If she absolutely must pick it out herself, then have her go alone and if possible describe it to you. Later you go in and buy it (a few days later at least).

You see the problem with taking your girlfriend, is when the ring is selected, she will obviously be utterly in love with that particular one or she will at least pretend to think it is the most beautiful thing she ever saw. Either way, these non-verbal actions will ensure that the list price will be as low as the vender will go. Now you for instance can be looking at a few rings, with very little emotion. When it comes to the exact ring in question, you can ask questions or make negative comments about it and then non-chalontly make a low ball bid (50% to 60% of list price). I'll guarantee you that if you are dealing with someone in the store with authority, you will save thousands of dollars this way.

That $6,000 ring you want. There is no way the owner or manager is going to let you walk away, when you are willing to pay $3,600 to $4,000 for this ring, when he can have another built within 2 days for $2,000. Certainly not in February on a slow day.


----------



## DavidJD (Sep 27, 2009)

I was unsure if I could/should post a link that offered low prices on quality gems on this site but it seems like it would be of use/value to many www.herdreamdiamonds.com this is a young guy with a family business and does not have huge overhead for a glass and marble boutique in an expense shopping mall. 

I have no interest in this business except that I am a very pleased customer. The rocks come with certs so there is no mystery as to origins. Blood diamonds are dirty gems and are not worth discussing in this thread anymore than if I asked, "should I buy a stolen car - if its a really good deal?)

I emailed my advice already and it was this. Buy bigger. I regret only buying a .8c rock it is beautiful (colour, clarity and cut are the best) however I could afford bigger soon after and would have spent more if I purchased a year later. This is now a family heirloom.

I have many friends who opt not to purchase an engagement ring "to feel married" and I totally respect that. Sure the diamond market is exactly that - a market - and it is shamelessly promoted by the big players. (If you give your fiancee a small diamond you are telling her she is not worth it, blah, blah, guilt, nothing new) I can make the same arguement for coke and santa and any Hallmark card topic. It is now a tradition, and an investment.

Lastly, one more piece of sensible advice is to buy somthing that can be returned. I know everyone thinks their engagement/marriage will never be called off, but when you want to get rid of it, a classic style is easier to dump than 50 little diamond chips all around the band and can't be resized. This is what a friend went through and needless to say lost a bundle of cash on the ring, in addition to everything else.


----------



## Berubeland (Sep 6, 2009)

I would kill my bf if he dropped $6000 on a ring.

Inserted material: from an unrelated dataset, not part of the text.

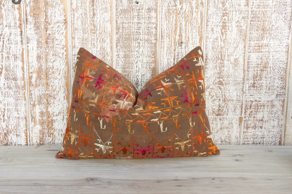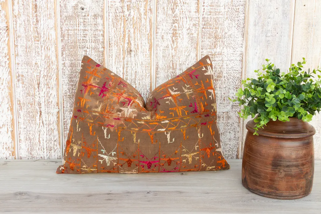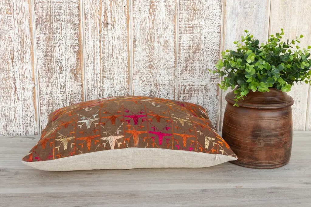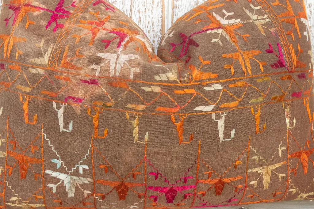 This colorful and luxurious Bagh Phulkari pillow features beautiful hand-done silk embroidery on top of a cotton fabric. Phulkari means "flower work" and is very descriptive of this vibrant, delicate pillow. Phulkari fabrics are often used in ceremonies concerning birth and marriage. Pillow has a hidden zipper and comes with a down filler.

Yes , even if it was for me.

Sure I would like the ring but not for that price. 

What we did instead was go to Pacific Mall and get matching engraved titanium bands. It cost under $200 for both rings and I won't squash my ring doing home renovation projects. I didn't feel right bargaining with the seller because my bf was there. It might have destroyed the mood so I let it go. 

I hate to say it but you could even look for ads on craigslist or kijiji for the unfortunates that bought the wrong lady a ring. Or the wrong lady selling hers.


----------



## moneymusing (Apr 3, 2009)

@DavidJD that is a pretty good site even for getting some more information about cuts, clarity, shape, color, etc. It also gives a feel for how much money you're going to need based on the criteria you're looking for.

Even if you don't buy from them there is some good info there.


----------



## high octane (Jul 21, 2009)

DavidJD said:


> The rocks come with certs so there is no mystery as to origins. Blood diamonds are dirty gems and are not worth discussing in this thread anymore than if I asked, "should I buy a stolen car - if its a really good deal?)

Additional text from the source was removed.